Mulai yang membersihkan lantai pintu masuk, ruangan wudu, lantai teras hingga lantai dalam yang cukup luas. Sementara yang lain menyiangi rumput atau menanamnya di tanah yang butuh warna hijau alam. Untuk berkomunikasi, karena jaraknya, kadang antara petugas menggunakan panggilan keras. Suaranya menggema, menembus dinding masjid yang hawanya sejuk meski cuaca terik.

Tak ada yang malas-malasan di mataku. Semuanya mengerjakan tugasnya dengan senang hati. Petugas kebersihan yang mendapatkan bagian lantai pintu masuk serta halaman mengatakan, menjadi petugas kebersihan masjid adalah kata hati. Yang pertama, bukan semata masalah materi atau gaji. Namun lebih sederhana dari uang, karena tak perlu dicari. yaitu ketenangan diri. Jika melakukan pekerjaannya ikhlas, ia merasakan ketenangan hatinya yang luar biasa. Dan ia merasakan itulah nikmat hidup.

Jiwa tenang, kerja senang. F-lambe.
"Lantai ini dipakai dan dilewati jamaah, bukankah kalau bersih orang juga senang?" katanya, kemarin pagi, saat berbincang denganku sambil menyelesaikan pekerjaannya. Sapu di tangan kanan dan tempat sampah di tangan kiri.

Di masjid, lanjut lelaki yang selalu menyapaku dengan salam setiap kali aku datang ini, ada banyak ketenangan. Tempatnya saja sudah membuatnya merasa tenang, dengan angin yang tiada pernah mati berhembus. Saat panggilan azan, suara muadzin terdengar begitu menggugah hatinya. Dilanjutkan iqamat, menambah ketentraman jiwanya. Sepanjang hari, jika mau bersyukur, tempat ini dipenuhi ketenangan.

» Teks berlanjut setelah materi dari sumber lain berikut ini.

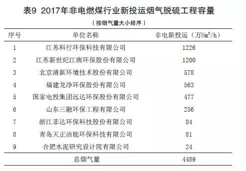 (2)2017年非電燃煤行業(yè)新投運(yùn)脫硫工程容量
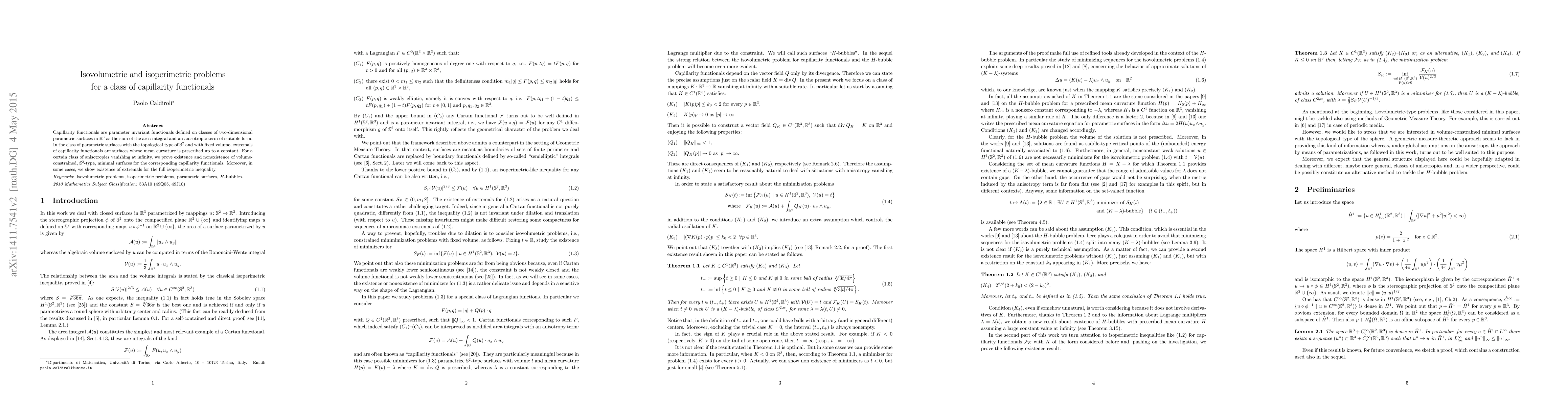Capillarity functionals are parameter invariant functionals defined on classes of two-dimensionals parametric surfaces in R3 as the sum of the area integral with an anisotropic term of suitable form. In the class of parametric surfaces with the topological type of S2 and with fixed volume, extremals of capillarity functionals are surfaces whose mean curvature is prescribed up to a constant. For a certain class of anisotropies vanishing at infinity, we prove existence and nonexistence of volume- constrained, S2-type, minimal surfaces for the corresponding capillarity functionals. Moreover, in some cases, we show existence of extremals for the full isoperimetric inequality.

Demikianlah, jika saatnya salat zuhur dan ashar, para petugas pun bergegas untuk salat berjamaah. Yang pakaiannya kotor oleh tanah menggantinya di kamar mandi yang bersih. Saat bersama-sama ruku dan sujud, tak ada perbedaan antara mereka yang petugas kebersihan, warga yang kebetulan melintas atau pegawai negeri biasa dan mereka yang sudah mengantongi eselon. Berbaris di atas karpet hijau tua, berhadapan dengan dinding tinggi dipenuhi ornamen dan kaligrafi islam. Suara imam terdengar sangat jelas di tingkah burung-burung kecil yang melayang di atap masjid.

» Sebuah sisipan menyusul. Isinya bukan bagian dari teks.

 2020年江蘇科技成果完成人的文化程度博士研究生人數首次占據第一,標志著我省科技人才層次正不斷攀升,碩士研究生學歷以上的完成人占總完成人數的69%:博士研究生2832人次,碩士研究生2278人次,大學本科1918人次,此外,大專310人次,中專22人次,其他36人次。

Masjid juga perlu suasana hijau. F-lambe.
Seorang petugas kebersihan lain, yang tugasnya membersihkan karpet masjid dengan vacum cleaner memberikan keterangan yang tak jau berbeda. Ia menceritakan, ada temannya warga Pangkil, sekarang menjadi pegawai di sebuah kantor di Kota Tanjungpinang, saat hidupnya tengah dilanda kesulitan memilih menjadi petugas masjid. Dan kisah temannya itu menginspirasi dirinya. Meski ia bukan pegawai, namun dari gajinya sebagai petugas masjid ia merasa dicukupkan.

"Bekerja di masjid itu keuntungannya selalu salat berjamaah. Kalau ada yang tinggal di masjid kok tak ikut sembahyang jamaah ya rugi," ungkap lelaki yang tinggal di sekitar masjid.

Ia juga mengingatkanku akan beberapa orang sukses yang mengawali hidupnya sebagai marbot. Dan ia juga mendengar kabar tentang Diar Budi Utama, lulusan terbaik pertama Fakultas Ilmu Sosial dan Ilmu Politik (FISIP) Universitas Jenderal Soedirman (Unsoed) Purwokerto dengan IPK 3,85.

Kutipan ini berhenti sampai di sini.